What was not said at former vice president Dick Cheney’s funeral on Thursday was as clear as anything that was.
It was a service in sepia. The more than 1,000 people who gathered in Washington National Cathedral — including two former presidents, four former vice presidents and congressional leaders from opposite sides of the aisle — were there to do more than mark the passing of an often controversial individual with whom many had profound disagreements. Their presence in the pews summoned images of a bygone era when raw partisanship was not what defined leadership.
Just as conspicuous was who wasn’t there: any leading figure from the current administration, which dominates the levers of power in today’s Washington as few have before it.
Instead, as if to underscore how much things have changed, President Donald Trump spent the morning sending out social media posts in which he accused a half-dozen Democratic lawmakers of “SEDITIOUS BEHAVIOR, punishable by DEATH!” All veterans of the military or intelligence, their supposed capital offense was recording a video in which they reminded current armed services members that they do not have to follow illegal orders.
Cheney, who died Nov. 3 at the age of 84, is widely regarded as the most powerful vice president in U.S. history.
His was a singular rise within the institutional and political structures of his day: at 34, the youngest White House chief of staff ever; a six-term Wyoming congressman and second-ranking leader of House Republicans; and a wartime defense secretary before joining George W. Bush’s presidential ticket in 2000.
The darkness of his perceived role in the Bush administration’s aggressive national security policies after 9/11 was such that he was often described as Darth Vader, the villain of the Star Wars franchise — a comparison Cheney said he didn’t mind.
In the final years of his life, his image underwent another transformation, as he joined his daughter, former congresswoman Liz Cheney (R-Wyoming), in breaking with their party to oppose Trump after the Jan. 6, 2021, attack by his supporters on the U.S. Capitol.
“In our nation’s 248-year history, there has never been an individual who is a greater threat to our republic than Donald Trump,” the elder Cheney said in a statement announcing he would be voting for the Democratic nominee, Vice President Kamala Harris, in the 2024 presidential election.
Trump has not made any public comment on Cheney’s death.

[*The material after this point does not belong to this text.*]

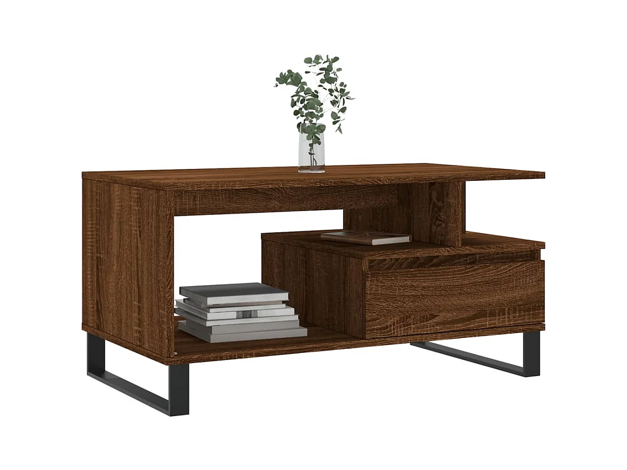 Mesa de centro | Mesa auxiliar madera contrachapada roble marrón 100x50x45 cm SHL150235
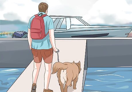 Slowly get your dog acquainted with the boat. Begin by bringing your dog out on the boat when you are at dock. Next time, try bringing him out to the dock, but turn the motor on to get him accustomed to the sound. Then, take him on a short boat ride and then progressively longer rides. This is important for getting your dog comfortable with the boat. It is also an opportunity to train your dog to be safe on the boat, teaching it commands and how to get on and off the boat. Short trips will also be a good opportunity to determine whether or not your dog gets sea sick. If so, you will need to buy medications that make your dog more comfortable.

But he has frequently denounced the Bush administration’s interventionist approach to national security, calling the Iraq War “a big fat mistake” based on a lie that Iraqi leader Saddam Hussein had weapons of mass destruction. After Cheney endorsed Harris, Trump responded on social media by calling him “the King of Endless, Nonsensical Wars, wasting Lives and Trillions of Dollars, just like Comrade Kamala Harris.”
And while Cheney made no secret of his dismay at how Trump has transformed the Republican Party, it is also worth pointing out a viewpoint the two had in common. Throughout his career, Cheney pushed hard for policies that expanded the powers of the executive branch. He believed in particular that the reform measures passed by Congress after Watergate put too many restraints on what the president could do. What Cheney probably did not foresee, however, was how a president like Trump would take those powers to unprecedented levels.
Trump was not mentioned or even alluded to during Thursday’s funeral. Instead, eulogists portrayed Cheney as a genial grandfather, a man of the West who loved fishing. His daughter Liz’s tribute ended with famous words of comfort spoken over Shakespeare’s Hamlet as he died: “May flights of angels sing thee to thy rest.”
The restraint was a stark contrast from the anger and passion of a memorial that had taken place in the same cathedral seven years before, during Trump’s first term, for Sen. John McCain (R-Arizona), another Republican foe of Trump. McCain’s funeral was a service that the New Yorker’s Susan B. Glasser described as “a meeting of the Resistance, under vaulted ceilings and stained-glass windows.”
McCain himself had asked Trump’s two predecessors, Bush and Barack Obama, to speak. That, too, was meant to be a signal of what it meant to rise above political grievances, given that both Bush and Obama had beaten McCain in presidential contests.
Neither former president mentioned Trump by name, but in their words praising McCain’s character, it was impossible to miss the contrast they were drawing.
Bush noted: “Perhaps above all, John detested the abuse of power.”
“John cared about the institutions of self-government, our constitution, our bill of rights, rule of law, separation of powers,” Obama said.
Bush spoke again on Thursday, and recalled his decision to pick Cheney, who was directing the search for his running mate, to take that role himself. “His talent and restraint exceeded his ego,” Bush said. “People always saw something in the man solid, reliable and rare.”
To which Bush might have added, qualities that have become rarer than ever in today’s politics.